The activity of amylase in the urine begins to increase 6-10 hours after an acute attack of pancreatitis and returns to normal after 3 days. In some cases, the activity of amylase in the urine has two increase waves for 3 days. The diagnostic sensitivity of the determination of amylase in serum for acute pancreatitis is 95%, specificity is 88%.

Acute pancreatitis can occur without increasing the activity of amylase (in particular, with pancreatonecrosis). In the first day after the onset of the disease, a normal level of urine amylase activity is detected in 25% of patients with abortive pancreatitis, 20% with fat, and 10% with hemorrhagic. More accurate information is obtained by studying the activity of amylase in the daily volume of urine. An important and, in some cases, crucial for the recognition of the recurrent form of acute pancreatitis is a repeated increase in the activity of blood and urine amylase during recurring recurrences of the pain syndrome. In various forms of acute pancreatitis, the dynamics of increase in alpha amylase in blood and urine is of a different nature. So, for edematous pancreatitis, short-term amylase is characteristic for 1-3 days of the disease; for fatty pancreonecrosis - high and long amylase, and for hemorrhagic pancreatic necrosis - short-term hyperamilazemia on the 3rd day of the disease. Pathogenetically, hyperamilazemia develops as a result of blockade by the edematous interstitial tissue of the excretory ducts of the pancreas and is most typical for fat pancreatonecrosis. With hemorrhagic pancreatic necrosis, a sharp increase in the activity of α-amylase in the blood is noted, followed by a rapid decrease in it, which reflects the progression of necrosis.
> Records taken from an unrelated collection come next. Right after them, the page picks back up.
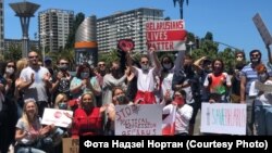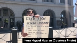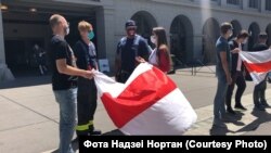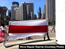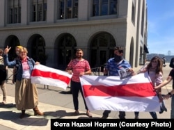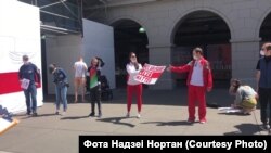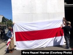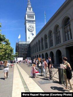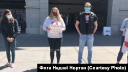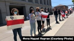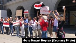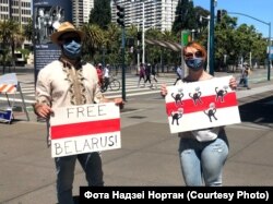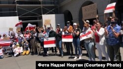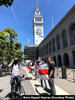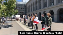 150 беларусаў Сан Францыска і Бэй Эрыі прыйшлі ў нядзелю на пікет салідарнасьці, стаўшы ў ланцуг уздоўж будынка галоўнага порту Сан Францыска (San Francisco Ferry Building).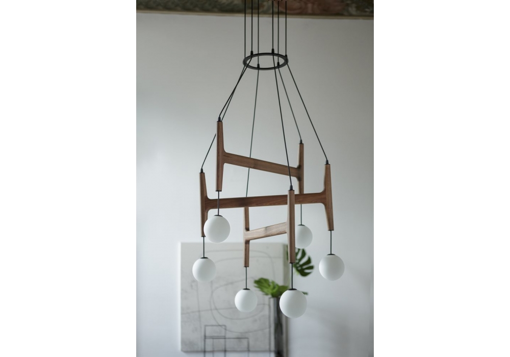 Astra conçue par David Dolcini pour Porada est une lampe à suspension en noyer canaletta massif et des diffuseurs en verre opale brillant. Câble en caoutchouc de silicone finition noir mat. Hauteur des câbles réglable lors de l'installation. Rosace de plafond et bague d'espacement en métal peint noir mat.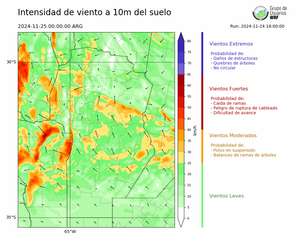 • Intensidad máxima: 38.91 km/h (25/11/2024 06hs.)
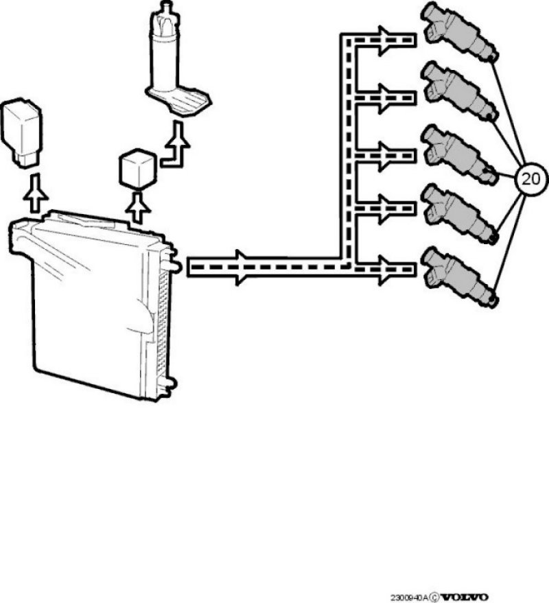 The control module (1) activates the system relay (17) when the ignition is switched on. The relay provides the various components in the system with voltage, for example the injectors, idle air control (IAC) valve and pump relay (18).

Hyperamilazemia and hyperamilazuria are important, but not specific for acute pancreatitis; in addition, the increase in their activity may be short-lived. To increase the informativeness of the obtained results of the study, it is useful to combine the activity of blood and urine amylase with a parallel determination of the creatinine concentration in urine and serum. Based on these data, the index of amylase-creatinine clearance is calculated by the following formula:

[(AM × CrC) / (CrM × AC)] × 100,

Where AM - amylase of urine; AC - amylase of blood serum; KrM - creatinine in urine; KrS - serum creatinine.

Normally, the amylase-creatinine index is no more than 3, its increase is considered a sign of pancreatitis, as pancreatitis increases the level of true pancreatic amylase, and its clearance is 80% faster than the clearance of saliva amylase. Nevertheless, it is established that in acute pancreatitis the clearance of both beta and S-amylases increases significantly, which is explained as follows. In healthy people, the serum amylase is first filtered in the renal glomeruli, and then reabsorbed by tubular epithelium. In acute pancreatitis, tubular reabsorption is inhibited by excessive excretion of beta and S-amylase. Since the amylase activity of the serum in acute pancreatitis is mainly due to beta-amylase, the clearance of beta-amylase increases with an increase in the clearance of total amylase. In acute pancreatitis, the activity of serum amylase and the amylase-creatinine clearance is usually increased by suppressing the renal tubular reabsorption of amylase. In diseases under the guise of pancreatitis, serum amylase activity may increase, but the amylase-creatinine clearance remains normal, since there is no tubular defect. It is very important for this study to collect blood and urine at the same time.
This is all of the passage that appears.